- _Given records_:
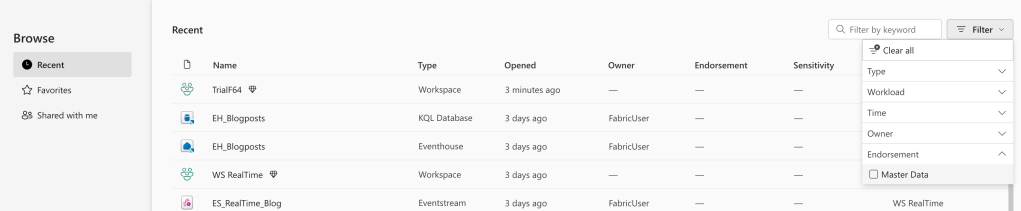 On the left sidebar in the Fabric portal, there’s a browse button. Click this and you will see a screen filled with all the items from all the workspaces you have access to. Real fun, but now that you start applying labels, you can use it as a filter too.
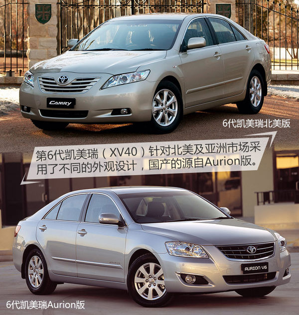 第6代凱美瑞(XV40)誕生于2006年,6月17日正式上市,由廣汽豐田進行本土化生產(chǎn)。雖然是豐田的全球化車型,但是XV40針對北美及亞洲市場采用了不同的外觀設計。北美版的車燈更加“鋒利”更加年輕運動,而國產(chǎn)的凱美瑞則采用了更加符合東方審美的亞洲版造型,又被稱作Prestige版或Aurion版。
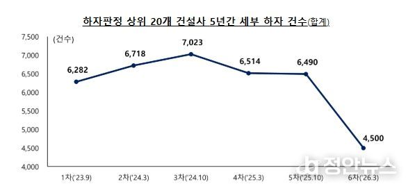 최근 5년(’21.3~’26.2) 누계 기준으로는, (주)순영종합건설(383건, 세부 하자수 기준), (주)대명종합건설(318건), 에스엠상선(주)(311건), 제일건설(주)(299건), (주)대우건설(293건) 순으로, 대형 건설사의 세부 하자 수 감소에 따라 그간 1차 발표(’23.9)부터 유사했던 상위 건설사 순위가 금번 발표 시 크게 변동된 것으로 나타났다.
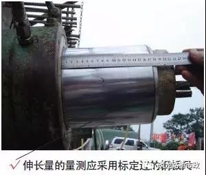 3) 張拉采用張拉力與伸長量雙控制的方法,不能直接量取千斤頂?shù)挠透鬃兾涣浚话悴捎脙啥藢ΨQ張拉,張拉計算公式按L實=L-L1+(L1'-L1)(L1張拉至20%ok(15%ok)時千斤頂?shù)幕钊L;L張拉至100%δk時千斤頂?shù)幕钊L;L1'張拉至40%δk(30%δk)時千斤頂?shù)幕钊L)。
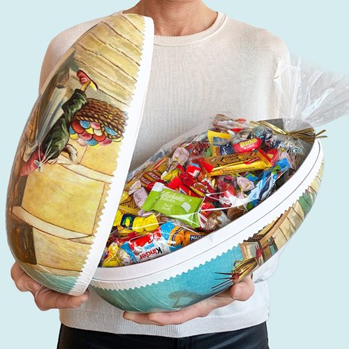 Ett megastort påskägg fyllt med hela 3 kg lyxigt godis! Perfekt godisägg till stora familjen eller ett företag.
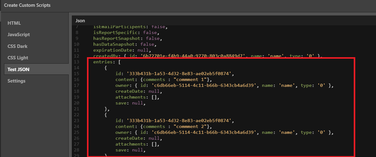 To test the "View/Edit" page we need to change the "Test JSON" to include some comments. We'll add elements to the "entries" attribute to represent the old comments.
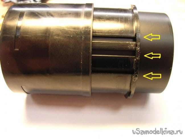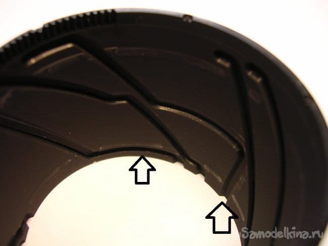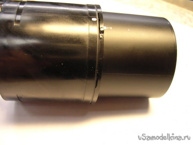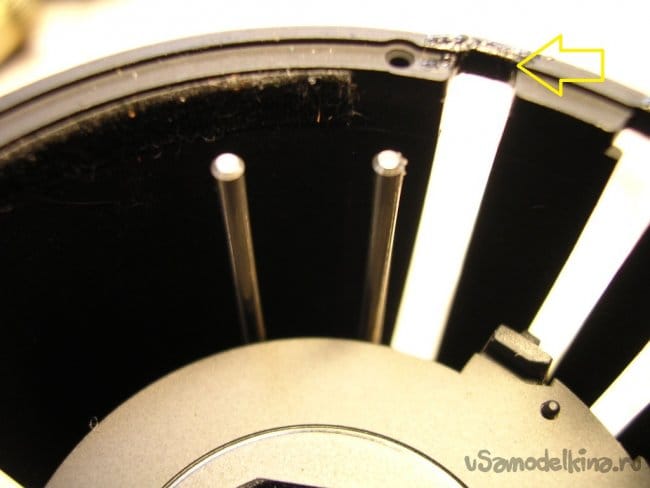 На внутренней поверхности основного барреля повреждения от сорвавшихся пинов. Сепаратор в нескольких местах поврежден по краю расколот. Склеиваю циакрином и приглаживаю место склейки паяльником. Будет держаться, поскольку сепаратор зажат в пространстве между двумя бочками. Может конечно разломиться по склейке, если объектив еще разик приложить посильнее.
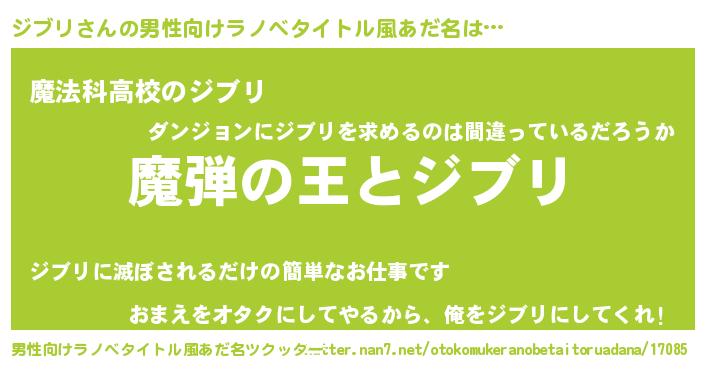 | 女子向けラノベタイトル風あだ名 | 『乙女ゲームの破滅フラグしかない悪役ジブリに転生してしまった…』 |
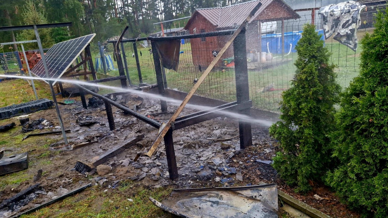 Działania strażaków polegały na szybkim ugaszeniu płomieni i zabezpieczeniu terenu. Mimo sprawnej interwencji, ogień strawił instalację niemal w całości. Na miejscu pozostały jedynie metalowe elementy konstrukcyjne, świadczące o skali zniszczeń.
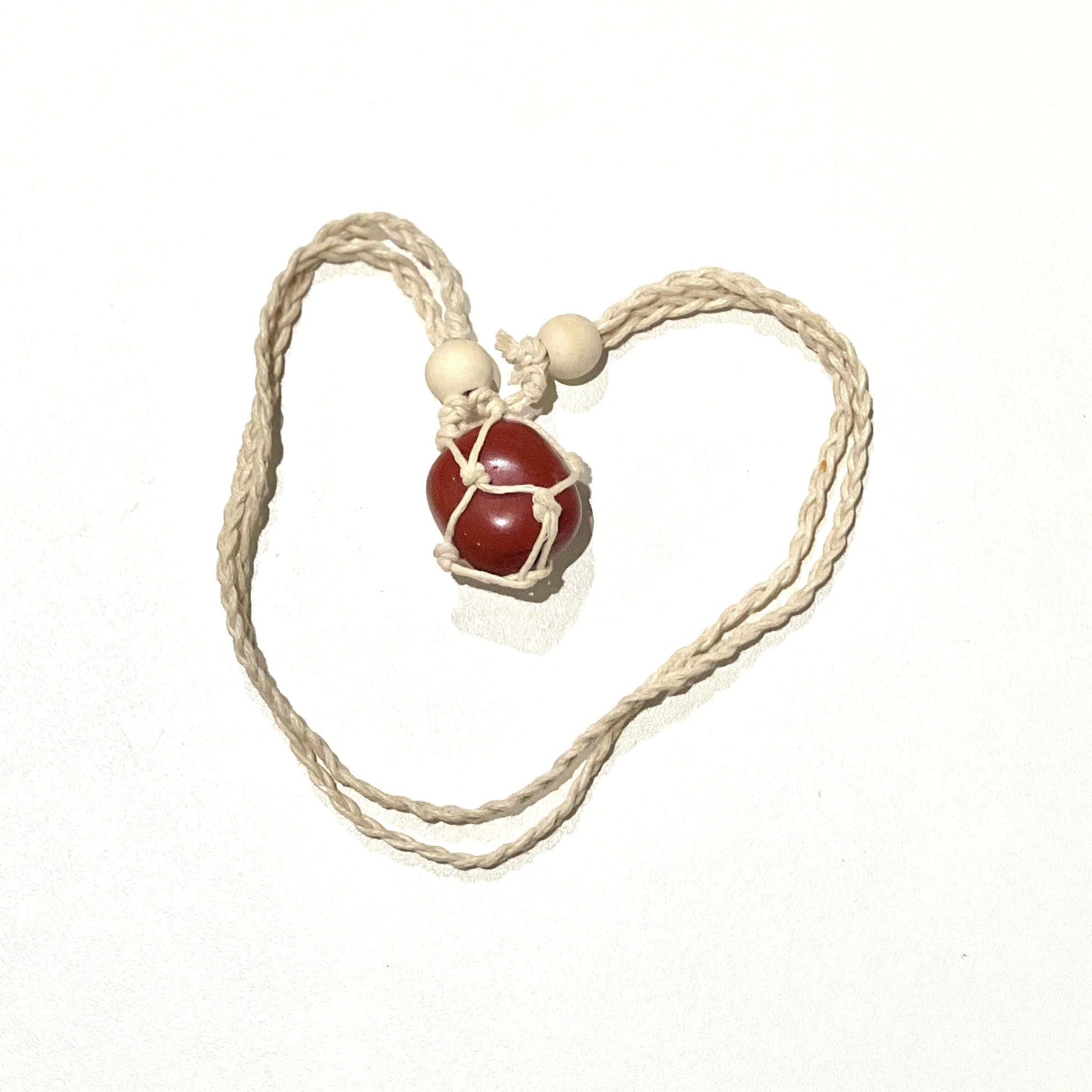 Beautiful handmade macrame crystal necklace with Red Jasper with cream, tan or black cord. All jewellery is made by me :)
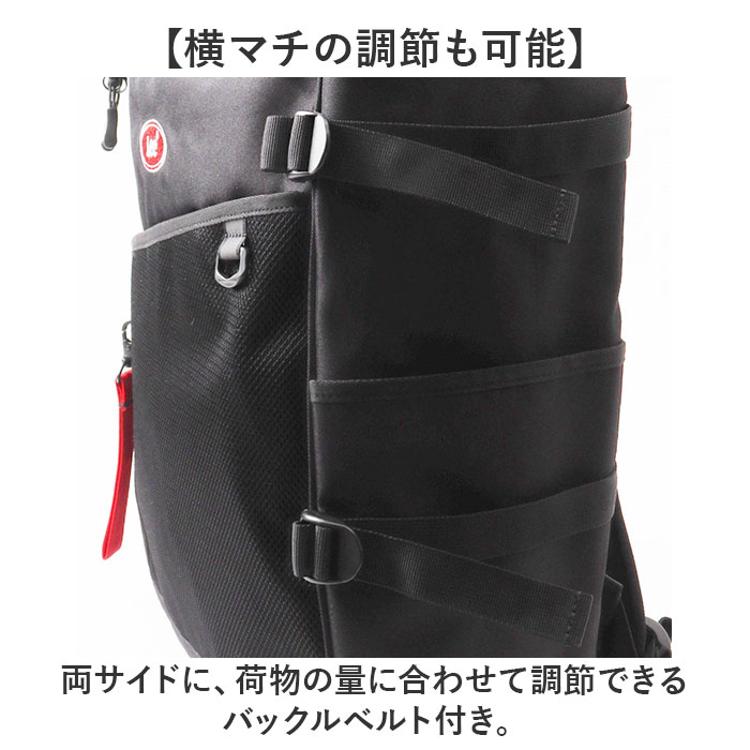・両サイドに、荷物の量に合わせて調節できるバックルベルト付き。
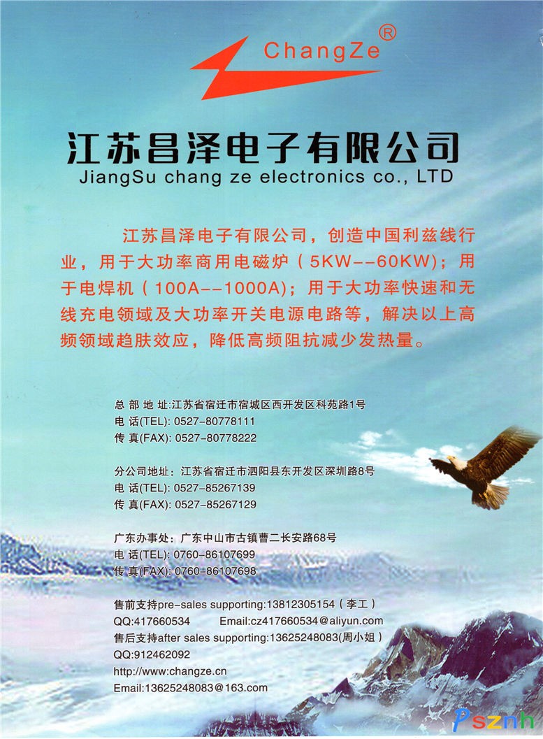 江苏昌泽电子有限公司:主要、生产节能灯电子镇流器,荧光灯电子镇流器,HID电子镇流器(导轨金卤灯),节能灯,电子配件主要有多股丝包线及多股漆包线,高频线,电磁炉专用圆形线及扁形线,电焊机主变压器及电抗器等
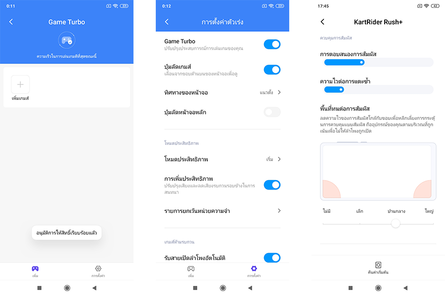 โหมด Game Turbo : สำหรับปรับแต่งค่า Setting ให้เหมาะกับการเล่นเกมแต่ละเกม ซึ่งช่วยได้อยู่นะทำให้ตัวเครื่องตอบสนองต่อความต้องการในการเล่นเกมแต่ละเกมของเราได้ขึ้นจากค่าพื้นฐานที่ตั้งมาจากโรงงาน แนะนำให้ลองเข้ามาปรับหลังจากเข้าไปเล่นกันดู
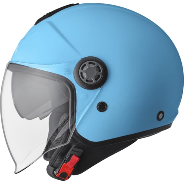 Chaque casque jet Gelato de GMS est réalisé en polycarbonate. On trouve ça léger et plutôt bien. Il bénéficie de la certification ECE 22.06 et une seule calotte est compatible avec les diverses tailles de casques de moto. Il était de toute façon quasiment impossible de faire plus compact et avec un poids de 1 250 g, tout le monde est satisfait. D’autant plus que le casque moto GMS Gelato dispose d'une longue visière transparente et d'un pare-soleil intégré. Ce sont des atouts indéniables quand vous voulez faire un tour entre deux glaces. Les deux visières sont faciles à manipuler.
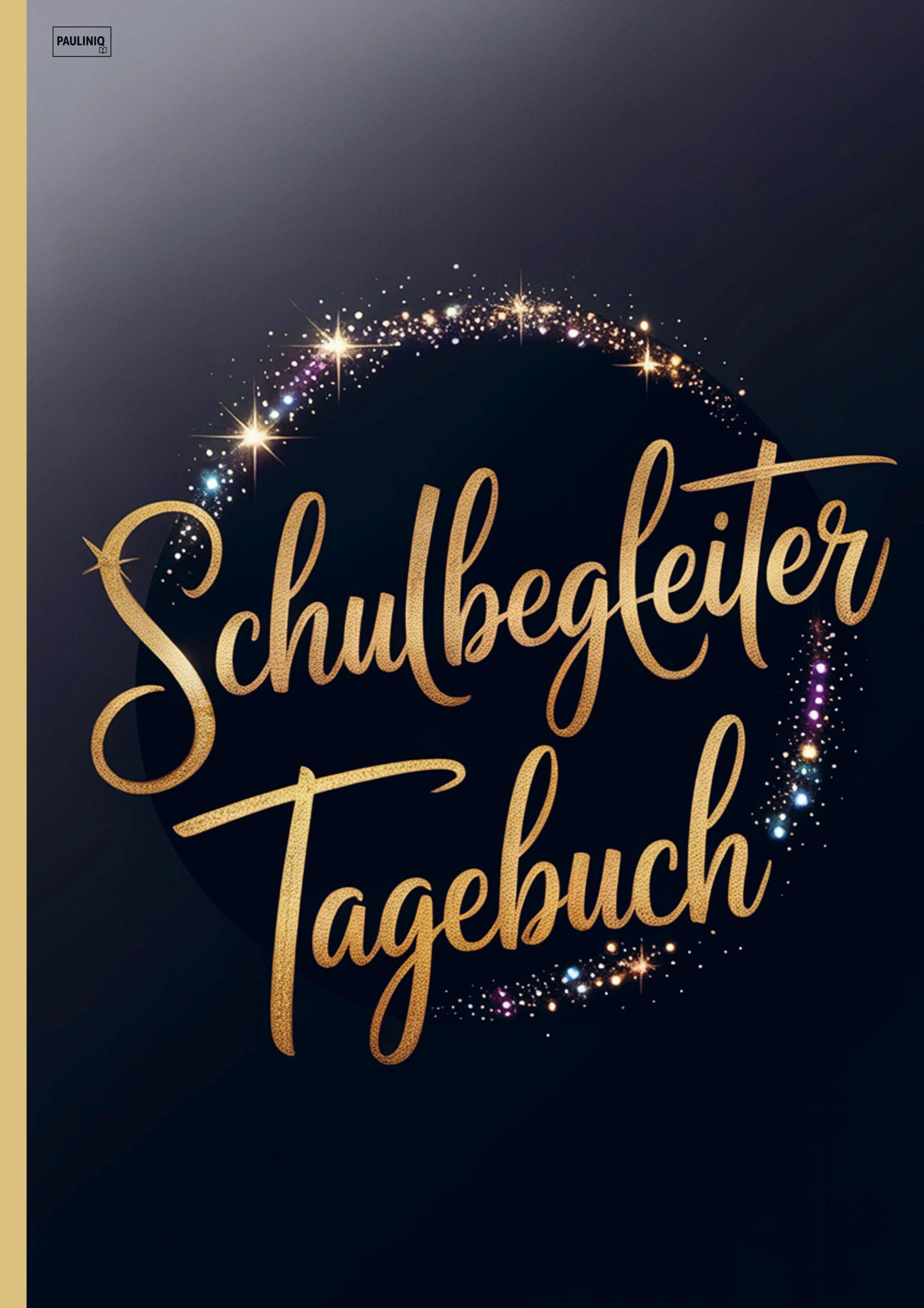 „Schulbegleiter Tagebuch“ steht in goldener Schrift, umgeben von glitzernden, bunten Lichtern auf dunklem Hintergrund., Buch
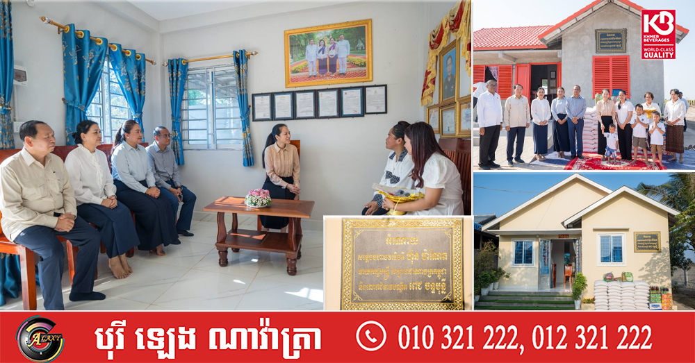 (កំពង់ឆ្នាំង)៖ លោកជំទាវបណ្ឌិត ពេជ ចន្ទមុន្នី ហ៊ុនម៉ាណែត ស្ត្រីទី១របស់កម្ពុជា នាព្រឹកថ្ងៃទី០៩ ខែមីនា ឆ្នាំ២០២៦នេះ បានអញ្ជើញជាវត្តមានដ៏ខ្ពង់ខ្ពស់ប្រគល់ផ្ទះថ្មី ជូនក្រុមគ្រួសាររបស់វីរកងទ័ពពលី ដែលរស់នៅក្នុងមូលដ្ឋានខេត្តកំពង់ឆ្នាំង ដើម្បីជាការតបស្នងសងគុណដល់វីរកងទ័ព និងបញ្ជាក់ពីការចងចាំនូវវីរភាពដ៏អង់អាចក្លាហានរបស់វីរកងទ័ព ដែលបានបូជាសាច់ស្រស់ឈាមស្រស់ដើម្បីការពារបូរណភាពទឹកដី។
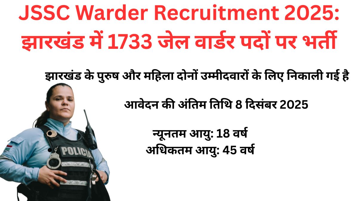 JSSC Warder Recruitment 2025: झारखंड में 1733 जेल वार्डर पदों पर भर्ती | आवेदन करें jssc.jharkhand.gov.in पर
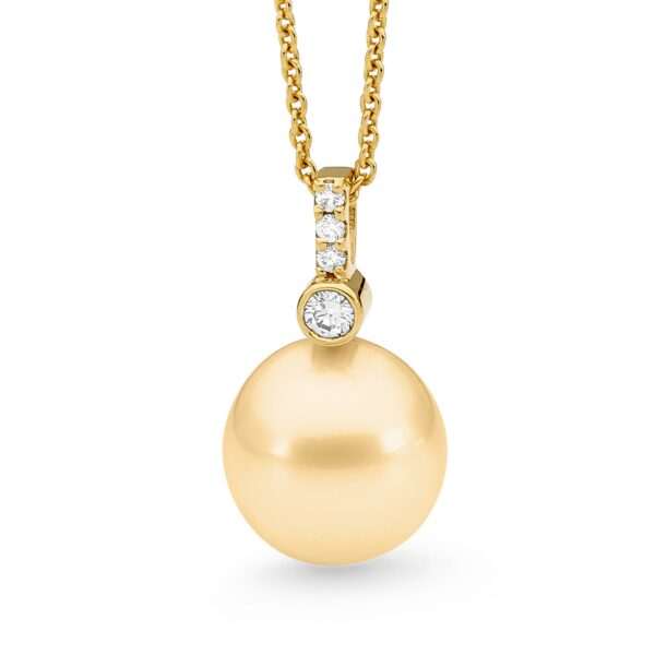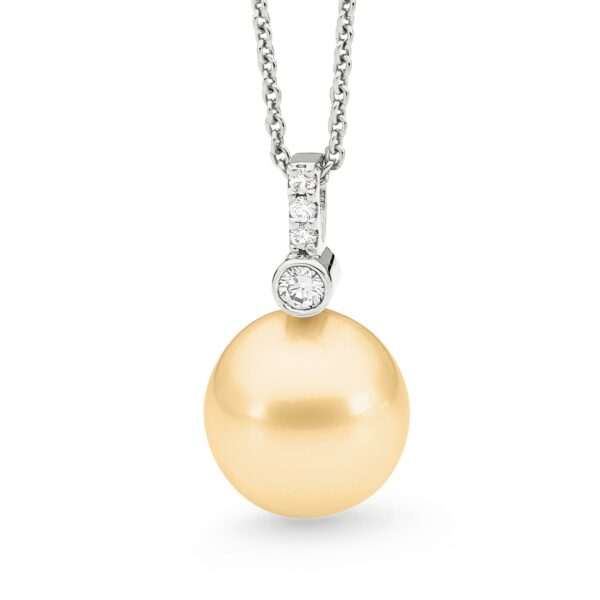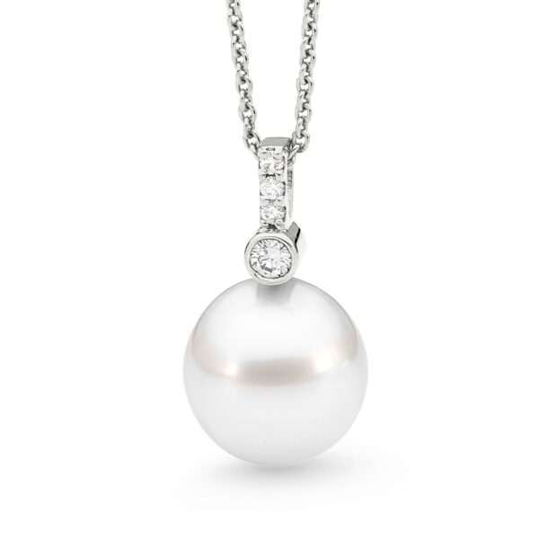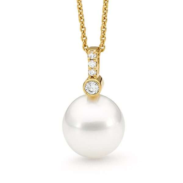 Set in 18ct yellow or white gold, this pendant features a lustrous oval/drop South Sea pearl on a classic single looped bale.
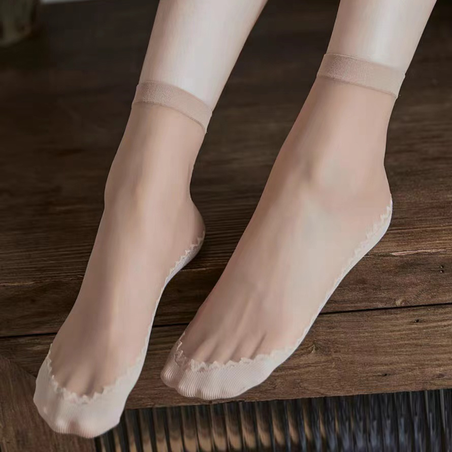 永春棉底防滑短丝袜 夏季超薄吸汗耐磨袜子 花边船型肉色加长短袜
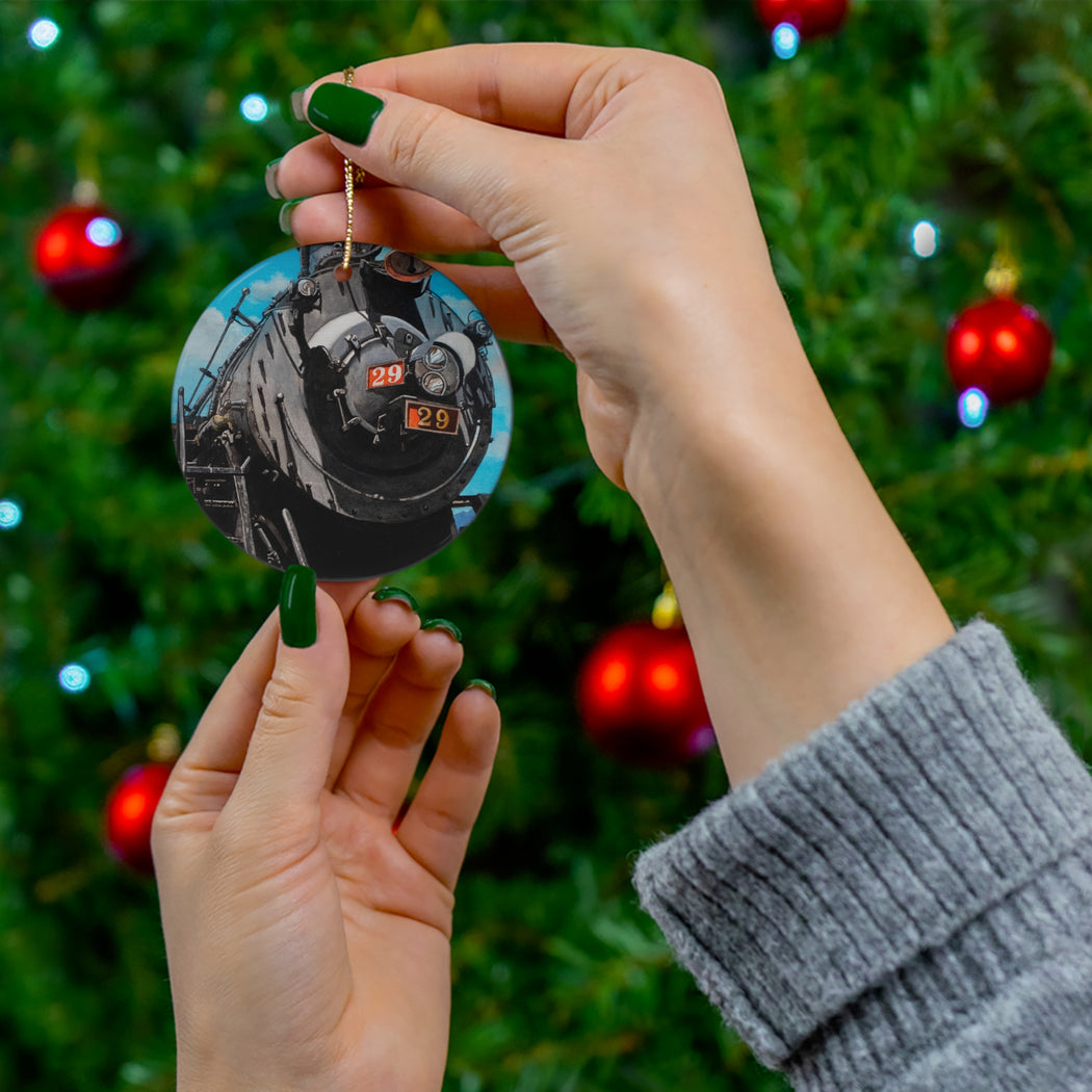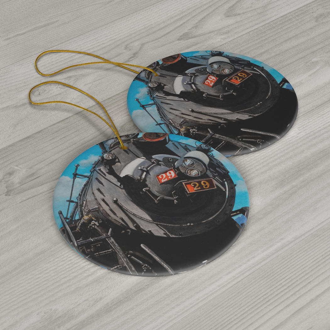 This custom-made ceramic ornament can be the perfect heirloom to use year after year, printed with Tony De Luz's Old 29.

- _Exercise goal_: Could you reproduce exactly the lines from the one containing "dunklem Hintergrund., Buch" through the last line of the records, both included, leaving out the pictures?

- _Output below_:
 „Schulbegleiter Tagebuch“ steht in goldener Schrift, umgeben von glitzernden, bunten Lichtern auf dunklem Hintergrund., Buch
 (កំពង់ឆ្នាំង)៖ លោកជំទាវបណ្ឌិត ពេជ ចន្ទមុន្នី ហ៊ុនម៉ាណែត ស្ត្រីទី១របស់កម្ពុជា នាព្រឹកថ្ងៃទី០៩ ខែមីនា ឆ្នាំ២០២៦នេះ បានអញ្ជើញជាវត្តមានដ៏ខ្ពង់ខ្ពស់ប្រគល់ផ្ទះថ្មី ជូនក្រុមគ្រួសាររបស់វីរកងទ័ពពលី ដែលរស់នៅក្នុងមូលដ្ឋានខេត្តកំពង់ឆ្នាំង ដើម្បីជាការតបស្នងសងគុណដល់វីរកងទ័ព និងបញ្ជាក់ពីការចងចាំនូវវីរភាពដ៏អង់អាចក្លាហានរបស់វីរកងទ័ព ដែលបានបូជាសាច់ស្រស់ឈាមស្រស់ដើម្បីការពារបូរណភាពទឹកដី។
 JSSC Warder Recruitment 2025: झारखंड में 1733 जेल वार्डर पदों पर भर्ती | आवेदन करें jssc.jharkhand.gov.in पर
 Set in 18ct yellow or white gold, this pendant features a lustrous oval/drop South Sea pearl on a classic single looped bale.
 永春棉底防滑短丝袜 夏季超薄吸汗耐磨袜子 花边船型肉色加长短袜
 This custom-made ceramic ornament can be the perfect heirloom to use year after year, printed with Tony De Luz's Old 29.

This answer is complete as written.